Steven Stucky died of brain cancer on Sunday at his home in Ithaca, N.Y. at the far too early age of 66. Steve was a respected conductor, teacher and author and served also as a mentor composer for ACO’s 2012 Underwood New Music Readings.
Stucky’s Pulitzer Prize-winning Second Concerto for Orchestra was commissioned and premiered by the Los Angeles Philharmonic in 2004. Steve was a trailblazer in his role as composer in residence beginning at the Los Angeles Philharmonic for more than 20 years. He went on to similar posts with many other orchestras and festivals, all while teaching at Cornell University for 34 years.

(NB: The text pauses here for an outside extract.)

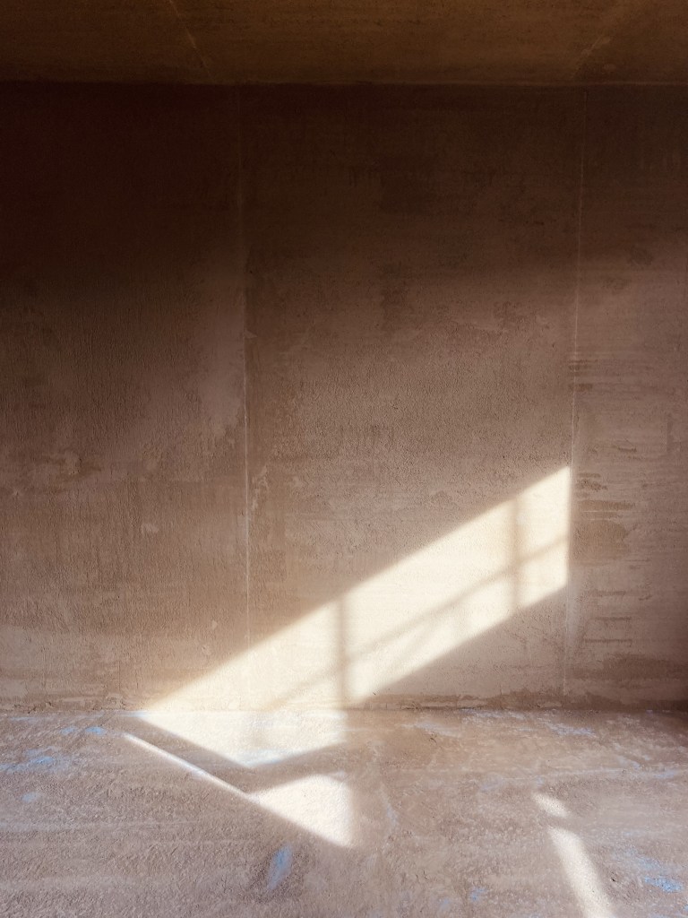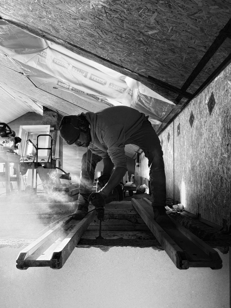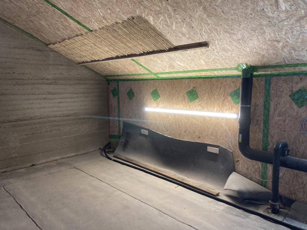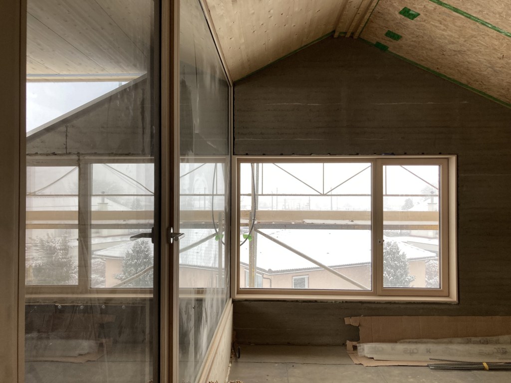 Eine der 2 Wohnungen Wohnung wird entkernt, der Dachstuhl mit höherem Kniestock und Gauben neu aufgebaut. Neue Räume und Oberflächen entstehen, das von Hand aufgebaute Gebäude aus den 60er Jahren wird respektvoll auf die Anforderungen der neuen Bewohner/innen angepasst. POSITIF als Teil der Baucrew ist am Innenausbau beteiligt. Genutzte Materialien sollen möglichst ökologisch und wohngesund sein: Lehmputz, Lehmplatten, Holzfaserdämmung, Holzständerwerk, Schilfrohrmatten, Holzfenster und Holzböden.

Steve received numerous commissions and his music has been programmed all over the world. His presence as one of the great American contemporary composers, mentors and teachers will be sorely missed.
Michael Geller writes:
Steve was the warmest, most supportive, knowledgeable, and generous of colleagues. He cared deeply about the craft of composition and its practitioners. Perhaps more than any other composer I (we) have known, Steve felt a responsibility to the art, to his place in the grand sweep of music from past to present; and he took that responsibility very seriously in his own music–which includes some of the finest, most stunningly wrought works to be created in the last 25 years. That legacy carries on in the many colleagues and students who carry the many lessons we learned from Steve over the years.